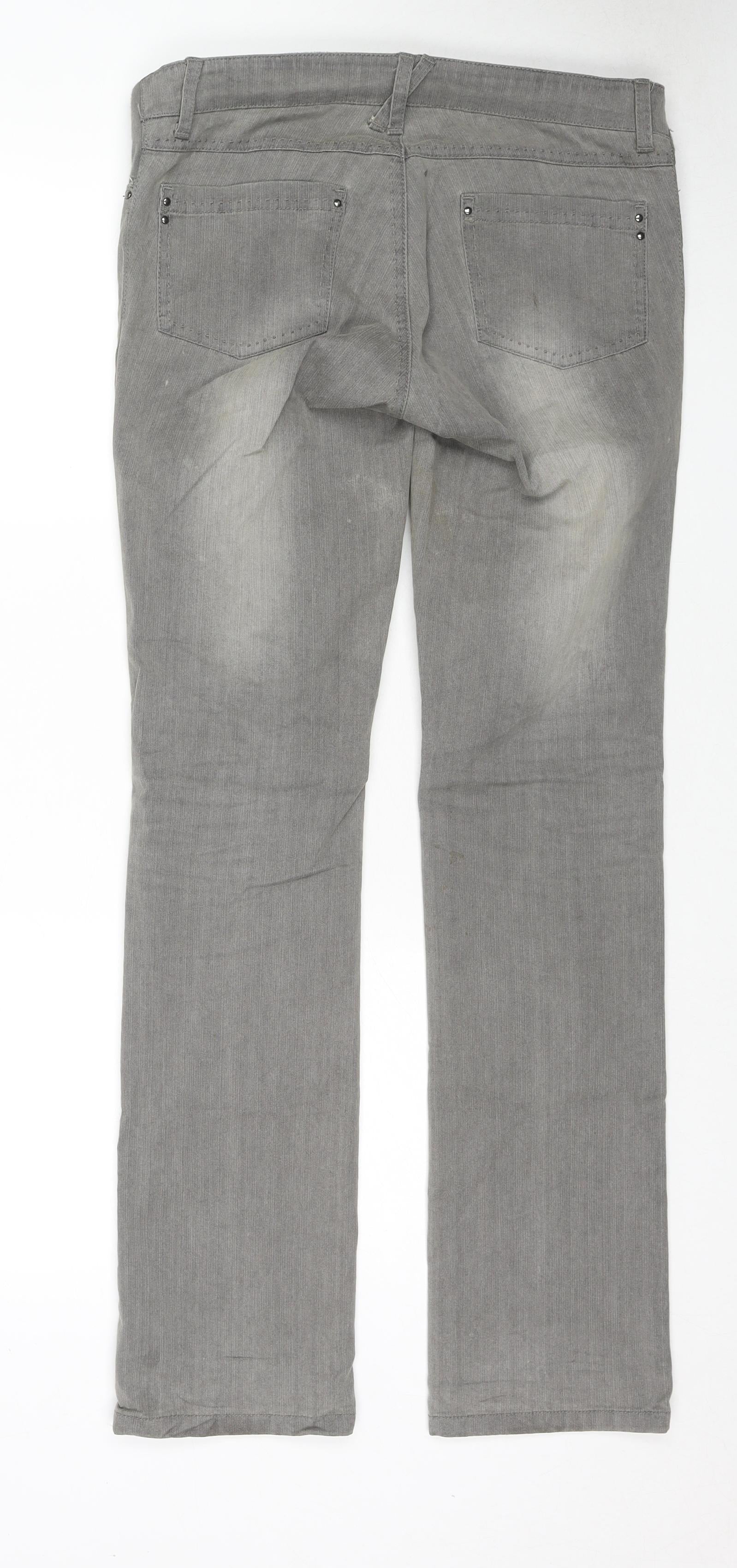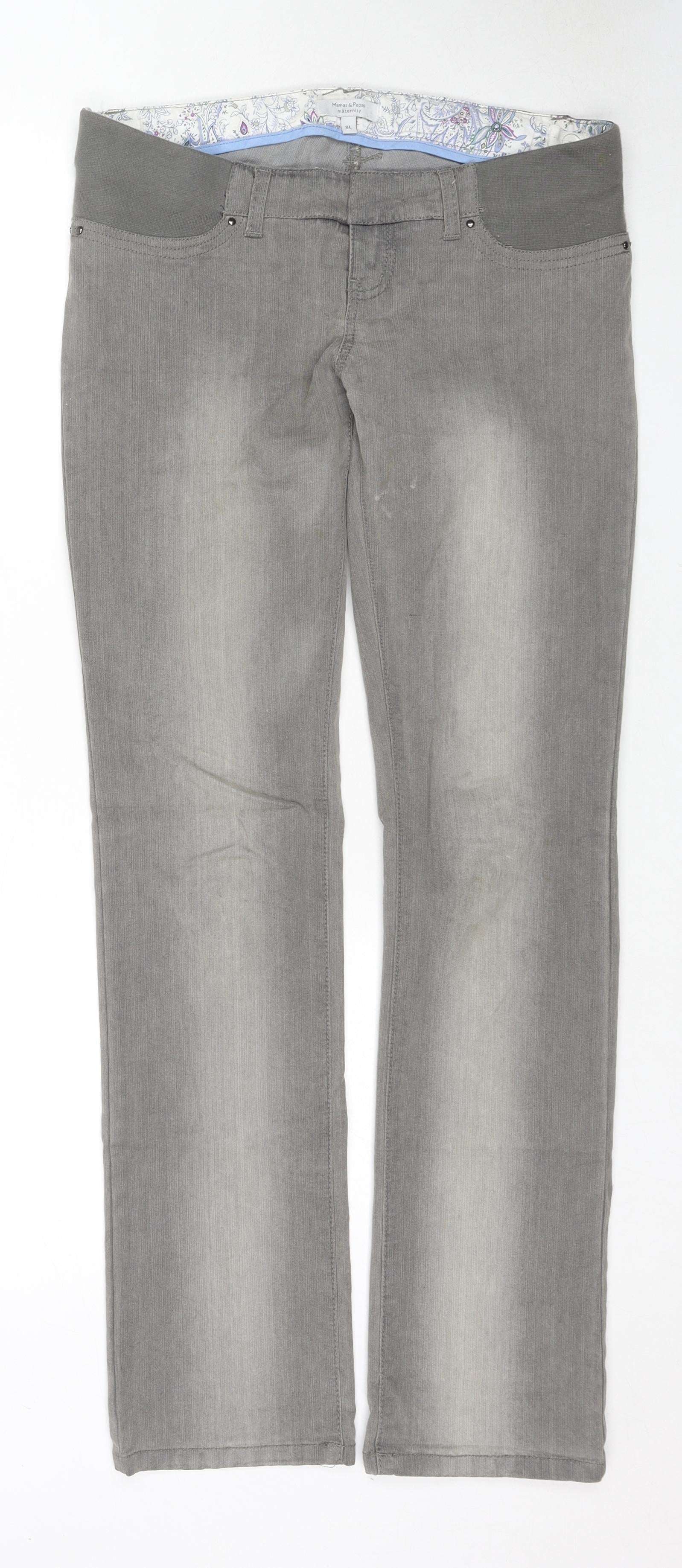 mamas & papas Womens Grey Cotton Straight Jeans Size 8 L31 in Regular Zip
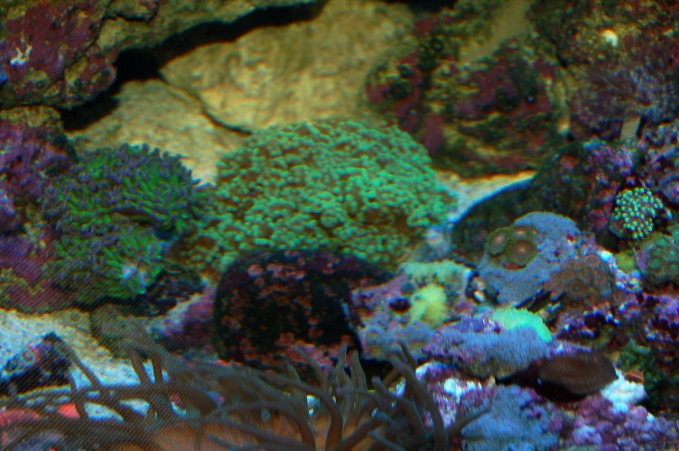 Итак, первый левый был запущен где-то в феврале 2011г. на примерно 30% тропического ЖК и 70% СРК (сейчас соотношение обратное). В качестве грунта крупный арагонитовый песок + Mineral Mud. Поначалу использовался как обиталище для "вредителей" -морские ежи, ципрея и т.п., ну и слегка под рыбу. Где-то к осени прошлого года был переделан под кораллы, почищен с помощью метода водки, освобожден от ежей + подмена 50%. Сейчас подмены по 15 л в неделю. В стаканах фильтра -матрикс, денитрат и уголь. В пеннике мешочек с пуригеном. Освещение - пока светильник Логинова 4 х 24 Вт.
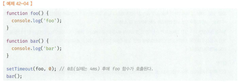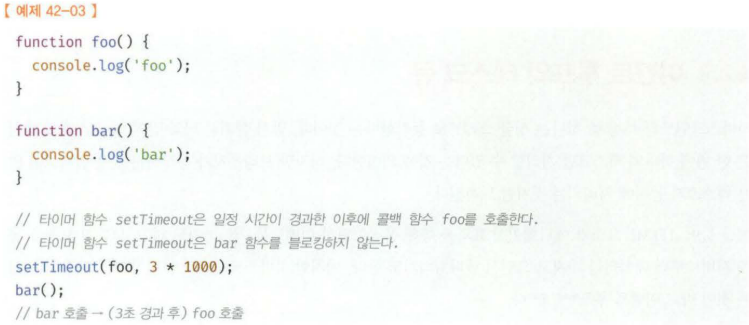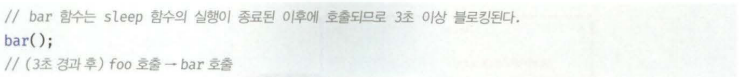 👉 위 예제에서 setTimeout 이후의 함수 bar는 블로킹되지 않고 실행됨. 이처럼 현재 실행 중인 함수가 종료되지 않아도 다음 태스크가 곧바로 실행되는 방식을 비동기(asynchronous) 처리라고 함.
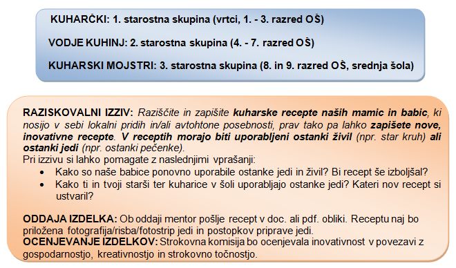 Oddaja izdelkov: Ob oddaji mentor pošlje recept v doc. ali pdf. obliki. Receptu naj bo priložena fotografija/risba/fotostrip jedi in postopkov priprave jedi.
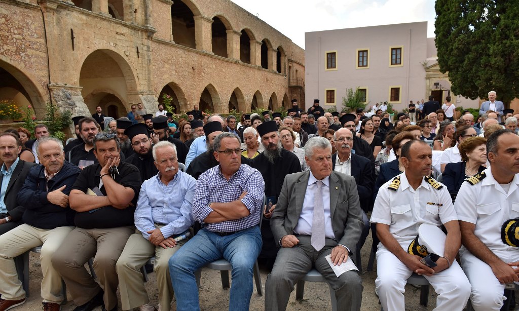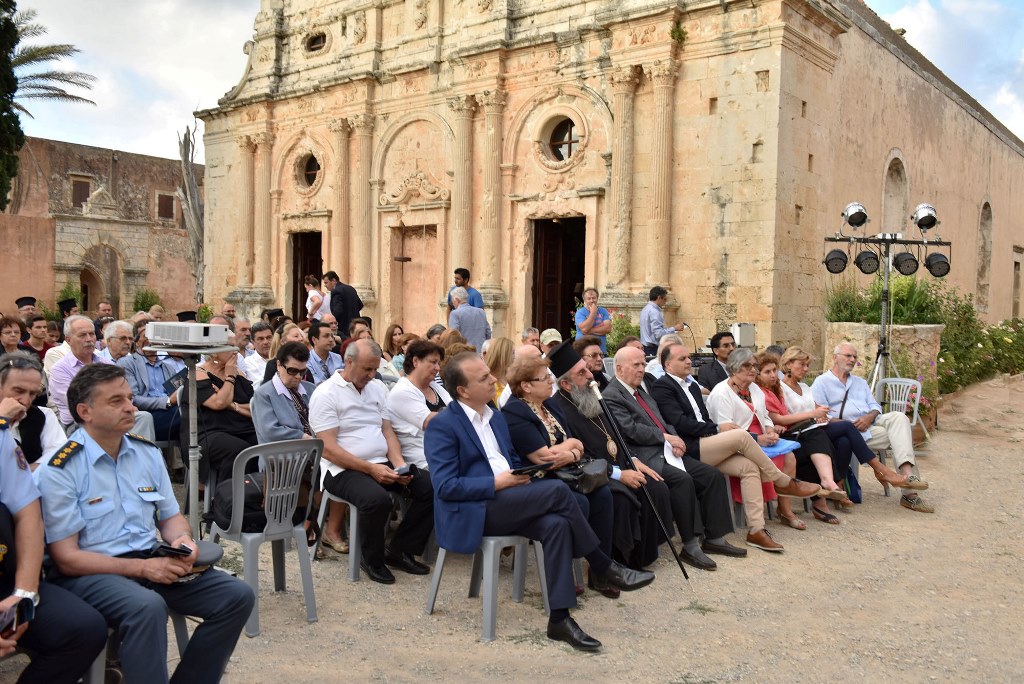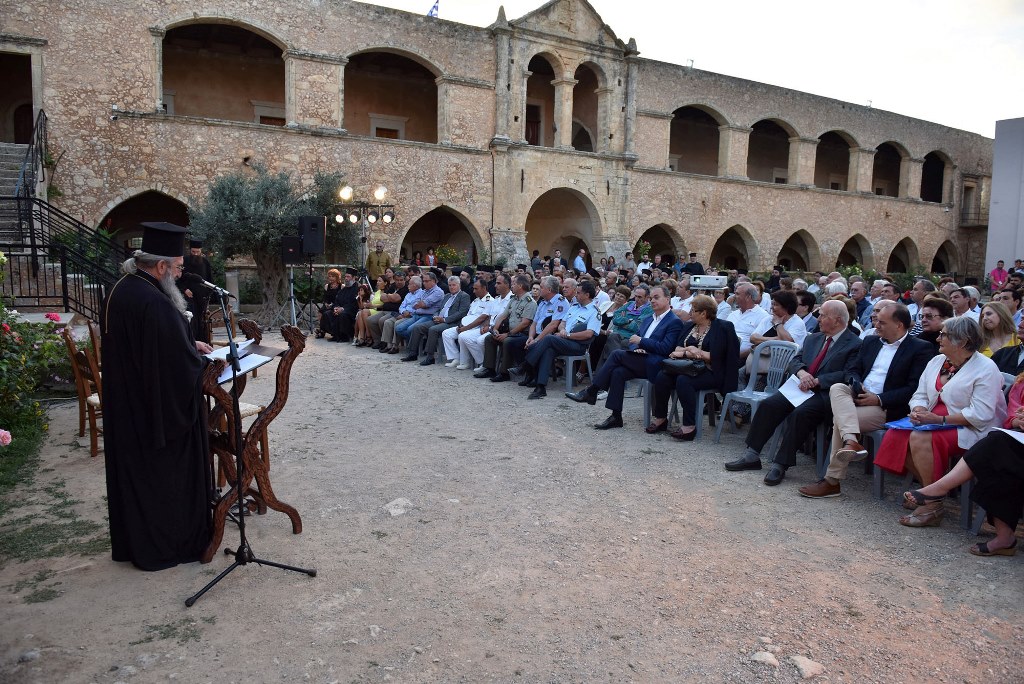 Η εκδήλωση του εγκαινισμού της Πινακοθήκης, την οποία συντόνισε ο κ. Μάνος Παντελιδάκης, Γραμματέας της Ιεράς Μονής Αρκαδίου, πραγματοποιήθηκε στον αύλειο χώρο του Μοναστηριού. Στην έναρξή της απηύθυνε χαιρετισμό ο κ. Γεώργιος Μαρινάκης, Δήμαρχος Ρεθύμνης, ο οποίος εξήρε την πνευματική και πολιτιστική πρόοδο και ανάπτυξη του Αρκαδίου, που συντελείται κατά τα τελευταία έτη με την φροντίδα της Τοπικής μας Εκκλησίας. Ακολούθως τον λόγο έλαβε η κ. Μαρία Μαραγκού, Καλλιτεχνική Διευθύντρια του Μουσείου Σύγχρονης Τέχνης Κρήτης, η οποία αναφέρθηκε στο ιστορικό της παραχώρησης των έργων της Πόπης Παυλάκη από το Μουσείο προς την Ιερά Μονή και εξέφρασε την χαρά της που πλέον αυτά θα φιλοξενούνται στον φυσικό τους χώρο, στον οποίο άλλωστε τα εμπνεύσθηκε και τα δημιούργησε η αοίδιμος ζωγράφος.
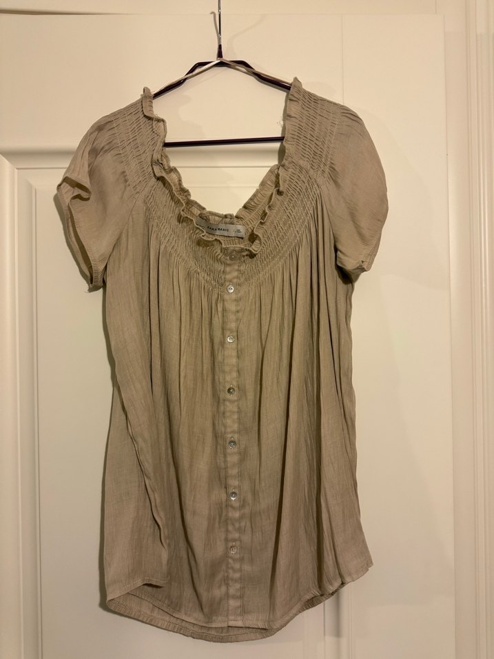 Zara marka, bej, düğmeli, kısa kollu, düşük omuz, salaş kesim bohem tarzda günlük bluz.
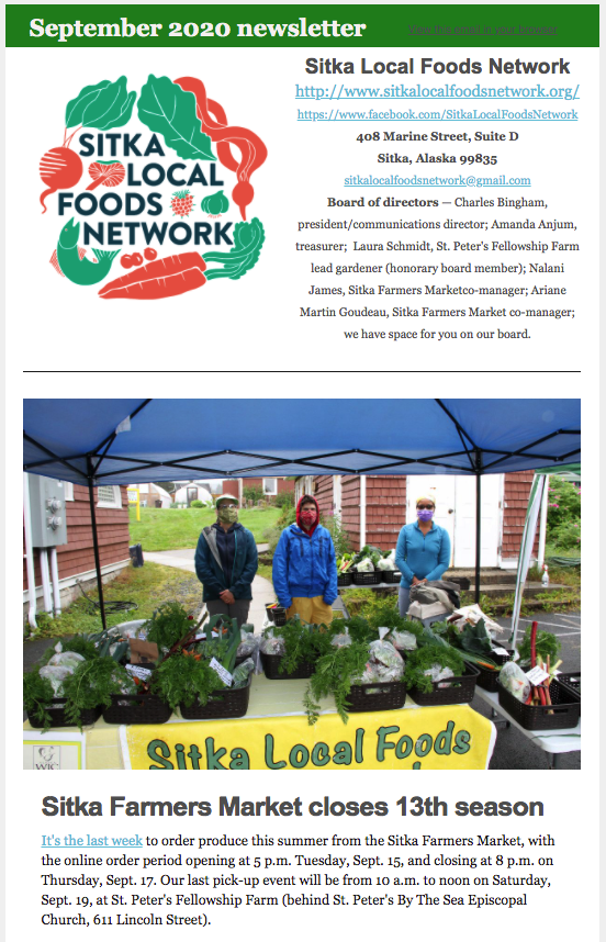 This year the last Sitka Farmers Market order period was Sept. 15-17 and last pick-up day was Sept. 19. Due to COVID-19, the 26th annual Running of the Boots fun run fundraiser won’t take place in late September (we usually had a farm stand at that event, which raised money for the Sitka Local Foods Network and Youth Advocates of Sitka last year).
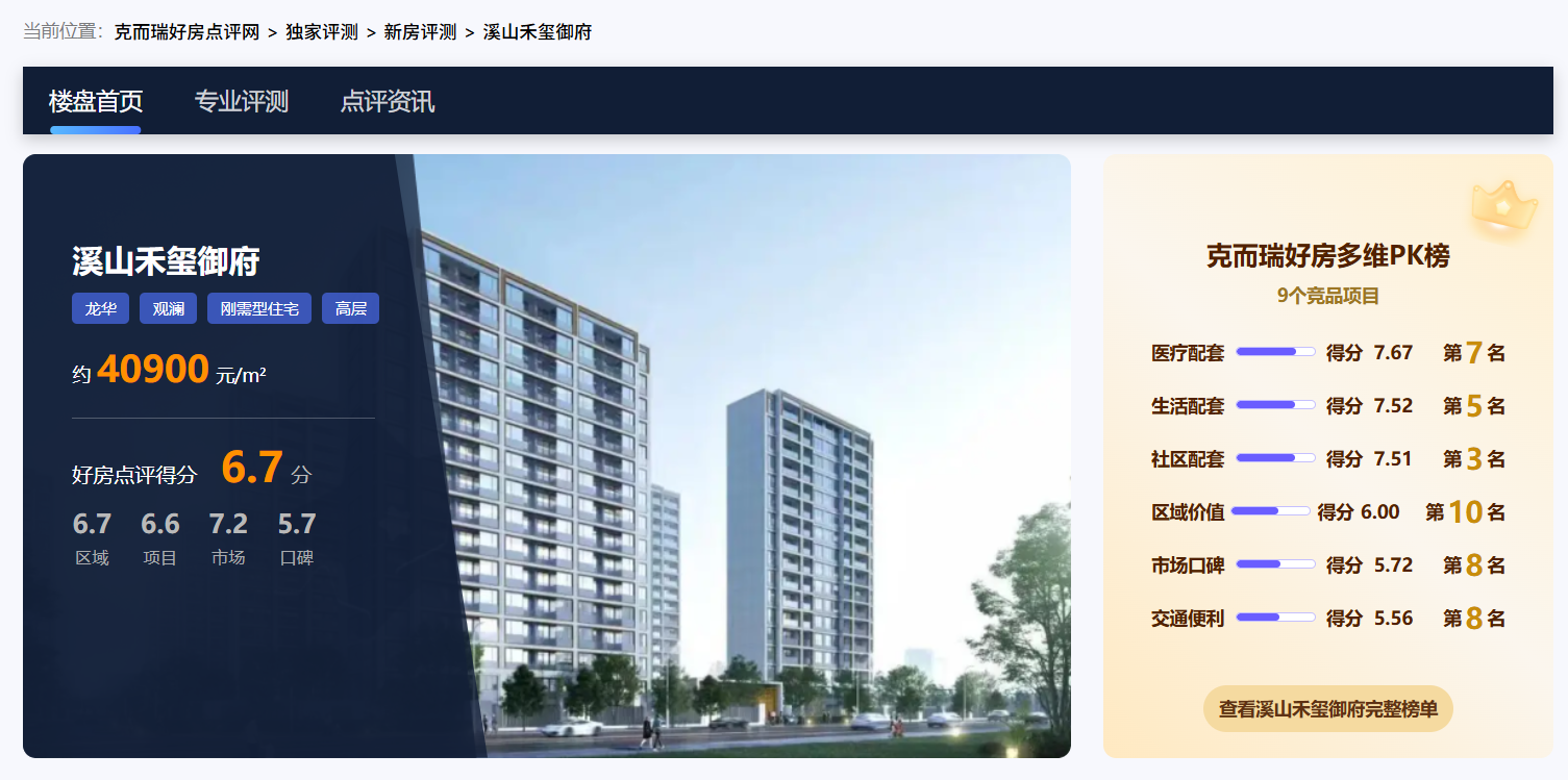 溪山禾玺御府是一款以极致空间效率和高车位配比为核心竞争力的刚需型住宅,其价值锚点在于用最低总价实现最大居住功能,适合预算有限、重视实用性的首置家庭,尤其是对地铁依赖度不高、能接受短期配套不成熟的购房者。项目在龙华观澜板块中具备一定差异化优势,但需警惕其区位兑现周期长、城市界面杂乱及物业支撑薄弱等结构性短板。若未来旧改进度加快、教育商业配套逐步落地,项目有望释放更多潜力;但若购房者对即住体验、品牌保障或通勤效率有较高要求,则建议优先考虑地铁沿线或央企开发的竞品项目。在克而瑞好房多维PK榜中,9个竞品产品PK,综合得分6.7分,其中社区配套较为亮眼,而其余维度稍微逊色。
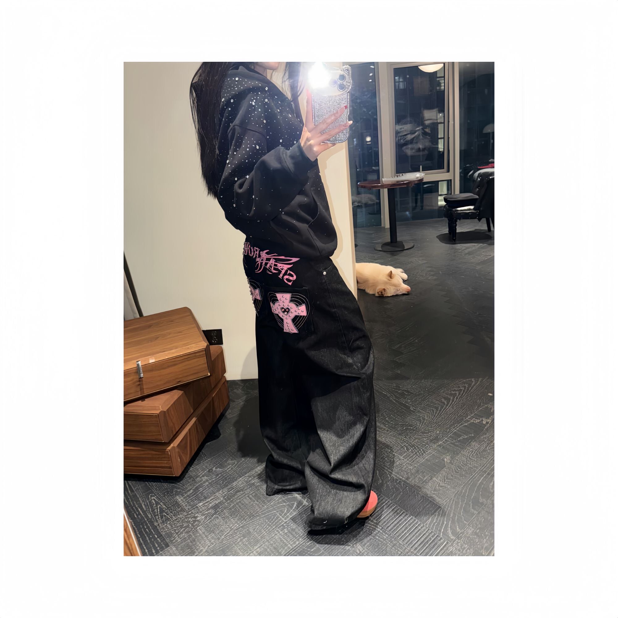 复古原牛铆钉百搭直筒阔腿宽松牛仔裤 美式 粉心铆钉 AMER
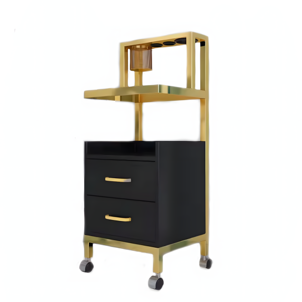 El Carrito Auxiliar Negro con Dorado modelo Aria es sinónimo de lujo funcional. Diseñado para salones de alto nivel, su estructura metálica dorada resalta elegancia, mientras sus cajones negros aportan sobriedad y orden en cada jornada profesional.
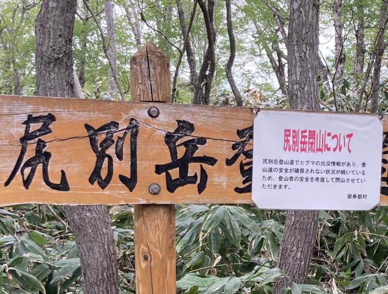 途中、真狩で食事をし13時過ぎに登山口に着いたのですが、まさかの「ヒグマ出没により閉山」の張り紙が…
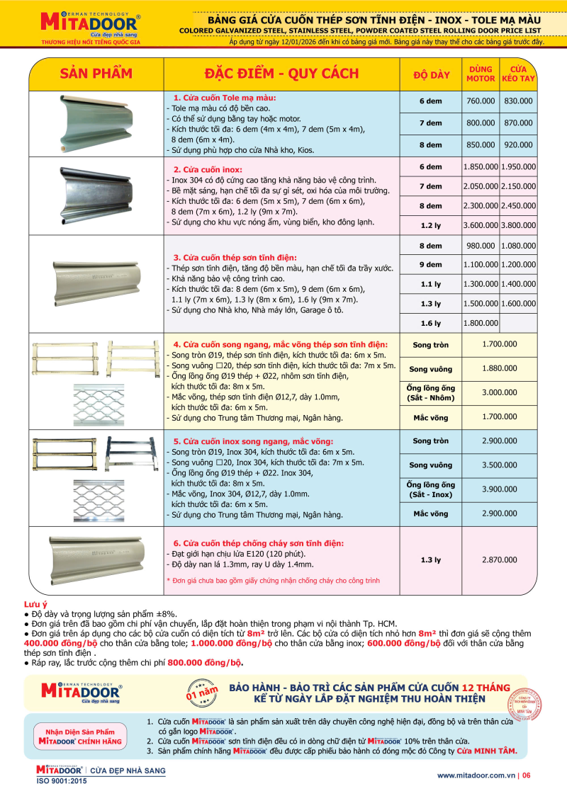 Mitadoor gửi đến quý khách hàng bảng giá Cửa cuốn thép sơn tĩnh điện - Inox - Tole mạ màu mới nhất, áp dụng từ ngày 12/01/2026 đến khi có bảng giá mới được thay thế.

◆ **Work instruction**:
Give back the data exactly, with no images.

◆ **Reply to the exercise**:
 mamas & papas Womens Grey Cotton Straight Jeans Size 8 L31 in Regular Zip
 Итак, первый левый был запущен где-то в феврале 2011г. на примерно 30% тропического ЖК и 70% СРК (сейчас соотношение обратное). В качестве грунта крупный арагонитовый песок + Mineral Mud. Поначалу использовался как обиталище для "вредителей" -морские ежи, ципрея и т.п., ну и слегка под рыбу. Где-то к осени прошлого года был переделан под кораллы, почищен с помощью метода водки, освобожден от ежей + подмена 50%. Сейчас подмены по 15 л в неделю. В стаканах фильтра -матрикс, денитрат и уголь. В пеннике мешочек с пуригеном. Освещение - пока светильник Логинова 4 х 24 Вт.
 👉 위 예제에서 setTimeout 이후의 함수 bar는 블로킹되지 않고 실행됨. 이처럼 현재 실행 중인 함수가 종료되지 않아도 다음 태스크가 곧바로 실행되는 방식을 비동기(asynchronous) 처리라고 함.
 Oddaja izdelkov: Ob oddaji mentor pošlje recept v doc. ali pdf. obliki. Receptu naj bo priložena fotografija/risba/fotostrip jedi in postopkov priprave jedi.
 Η εκδήλωση του εγκαινισμού της Πινακοθήκης, την οποία συντόνισε ο κ. Μάνος Παντελιδάκης, Γραμματέας της Ιεράς Μονής Αρκαδίου, πραγματοποιήθηκε στον αύλειο χώρο του Μοναστηριού. Στην έναρξή της απηύθυνε χαιρετισμό ο κ. Γεώργιος Μαρινάκης, Δήμαρχος Ρεθύμνης, ο οποίος εξήρε την πνευματική και πολιτιστική πρόοδο και ανάπτυξη του Αρκαδίου, που συντελείται κατά τα τελευταία έτη με την φροντίδα της Τοπικής μας Εκκλησίας. Ακολούθως τον λόγο έλαβε η κ. Μαρία Μαραγκού, Καλλιτεχνική Διευθύντρια του Μουσείου Σύγχρονης Τέχνης Κρήτης, η οποία αναφέρθηκε στο ιστορικό της παραχώρησης των έργων της Πόπης Παυλάκη από το Μουσείο προς την Ιερά Μονή και εξέφρασε την χαρά της που πλέον αυτά θα φιλοξενούνται στον φυσικό τους χώρο, στον οποίο άλλωστε τα εμπνεύσθηκε και τα δημιούργησε η αοίδιμος ζωγράφος.
 Zara marka, bej, düğmeli, kısa kollu, düşük omuz, salaş kesim bohem tarzda günlük bluz.
 This year the last Sitka Farmers Market order period was Sept. 15-17 and last pick-up day was Sept. 19. Due to COVID-19, the 26th annual Running of the Boots fun run fundraiser won’t take place in late September (we usually had a farm stand at that event, which raised money for the Sitka Local Foods Network and Youth Advocates of Sitka last year).
 溪山禾玺御府是一款以极致空间效率和高车位配比为核心竞争力的刚需型住宅,其价值锚点在于用最低总价实现最大居住功能,适合预算有限、重视实用性的首置家庭,尤其是对地铁依赖度不高、能接受短期配套不成熟的购房者。项目在龙华观澜板块中具备一定差异化优势,但需警惕其区位兑现周期长、城市界面杂乱及物业支撑薄弱等结构性短板。若未来旧改进度加快、教育商业配套逐步落地,项目有望释放更多潜力;但若购房者对即住体验、品牌保障或通勤效率有较高要求,则建议优先考虑地铁沿线或央企开发的竞品项目。在克而瑞好房多维PK榜中,9个竞品产品PK,综合得分6.7分,其中社区配套较为亮眼,而其余维度稍微逊色。
 复古原牛铆钉百搭直筒阔腿宽松牛仔裤 美式 粉心铆钉 AMER
 El Carrito Auxiliar Negro con Dorado modelo Aria es sinónimo de lujo funcional. Diseñado para salones de alto nivel, su estructura metálica dorada resalta elegancia, mientras sus cajones negros aportan sobriedad y orden en cada jornada profesional.
 途中、真狩で食事をし13時過ぎに登山口に着いたのですが、まさかの「ヒグマ出没により閉山」の張り紙が…
 Mitadoor gửi đến quý khách hàng bảng giá Cửa cuốn thép sơn tĩnh điện - Inox - Tole mạ màu mới nhất, áp dụng từ ngày 12/01/2026 đến khi có bảng giá mới được thay thế.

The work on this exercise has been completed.